La muerte de dos agentes estadounidenses y dos mexicanos tras un operativo antidrogas en la sierra de Chihuahua encendió alertas sobre la presencia de personal extranjero sin acreditación en el país.
El Gabinete de Seguridad informó que los agentes de EE.UU. no contaban con permiso formal para participar en acciones operativas, e incluso uno ingresó como visitante sin autorización laboral.
El incidente ocurrió la madrugada del 19 de abril, cuando el vehículo en el que viajaban cayó a un barranco y se incendió tras regresar de un operativo contra laboratorios de metanfetaminas en la Sierra Tarahumara, donde participaron cerca de 80 elementos.
“Se precisa que el Gobierno de México… no tenía conocimiento de que agentes extranjeros estuvieran operando”, señaló el gabinete.
Tensiones diplomáticas entre México y EE.UU.
En los últimos días el caso escaló a nivel diplomático, luego de que la presidenta Claudia Sheinbaum solicitó que Washington aclare el alcance y condiciones de la participación de sus agentes, abriendo un nuevo frente en la relación bilateral sobre seguridad y cooperación.

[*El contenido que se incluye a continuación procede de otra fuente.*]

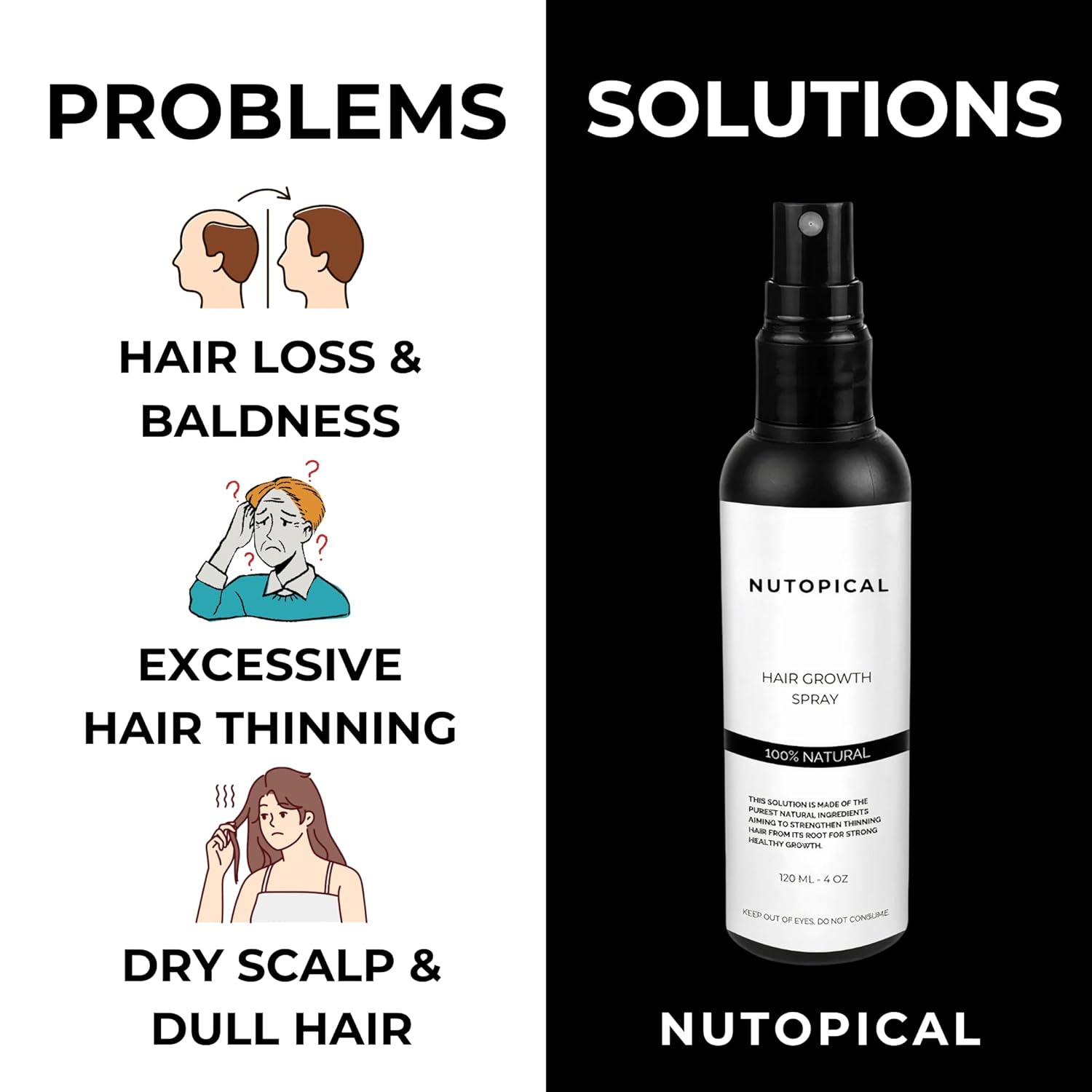 Quick And Simple To Use: The hair growth spray is easy to carry and convenient to use allowing you to nourish and support your scalp and hair follicles anywhere you go. Simply spray directly on the scalp and gently massage to help support brittle, thinning hair and protect it against split ends and hair loss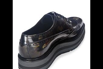 It's been a few year now since Prada introduced their infamous updated creeper silhouette, but it still has much relevancy and looks fresh & modern today. Here it is in a coated camo leather print complete with the classic wing-tip tooling. This version features a stacked rubber sole in grey and black that gives just enough height without becoming something you'd find on a mid 90s downtown New York club kid. Pair this with trim cropped trousers or high-cuffed inky denim. Available now at BergdorfGoodman.com.
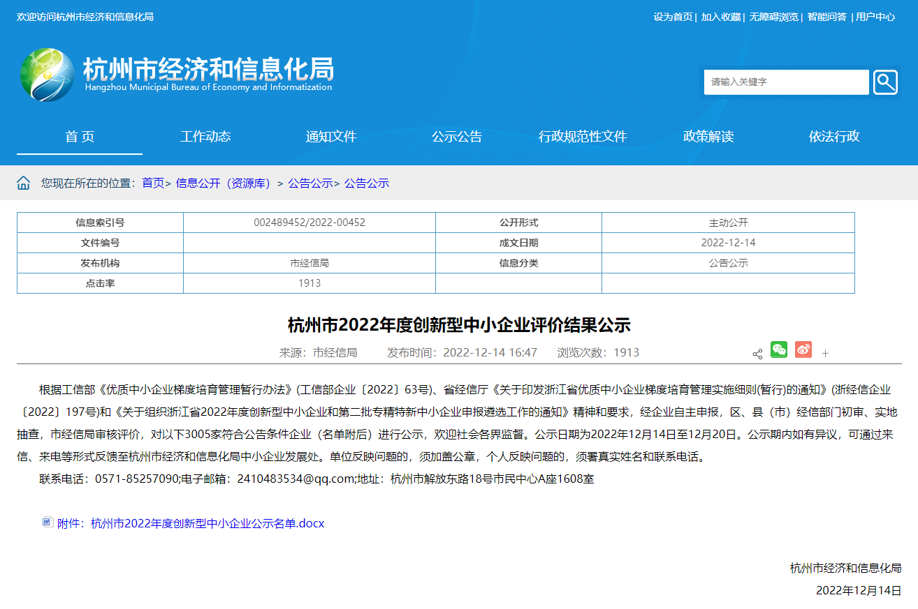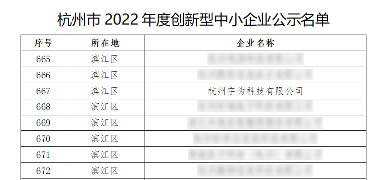 近日,杭州市經(jīng)濟和信息化局發(fā)布“杭州市2022年度創(chuàng)新型中小企業(yè)評價結(jié)果公示”公示名單,經(jīng)企業(yè)自評、地市初審、省廳復(fù)核等程序,杭州宇為科技有限公司成功入選為“2022年創(chuàng)新型中小企業(yè)”。

Para David Saucedo, analista en seguridad, el episodio evidencia una práctica cada vez más frecuente: la actuación unilateral de organismos estadounidenses sin notificación previa al Gobierno federal mexicano, impulsada por la desconfianza respecto a posibles filtraciones de información hacia organizaciones criminales.
La presencia de agencias como la CIA, el FBI y la DEA, explicó, “no es nueva”, pues desde hace años realizan labores de inteligencia, investigación y apoyo táctico en México, generalmente bajo esquemas de coordinación reservada con autoridades nacionales.
Sin embargo, sostuvo que en los últimos años Washington ha reducido el intercambio previo de inteligencia con las autoridades mexicanas, especialmente a nivel federal.
“Compartir la información con el gobierno de México implicaba mayores riesgos, entre ellos que cayera en manos del crimen organizado”, afirmó el especialista.
A su juicio, la información obtenida a partir de capos extraditados, particularmente de estructuras vinculadas al Cartel de Sinaloa, ha permitido a las agencias estadounidenses identificar laboratorios clandestinos, rutas de tráfico y redes de protección institucional sin necesidad de compartir todos los datos con México.
Este factor, agregó, se combina con el interés político de Washington por adjudicarse directamente los resultados en la lucha contra el narcotráfico y proteger la identidad de sus agentes desplegados en operaciones sensibles.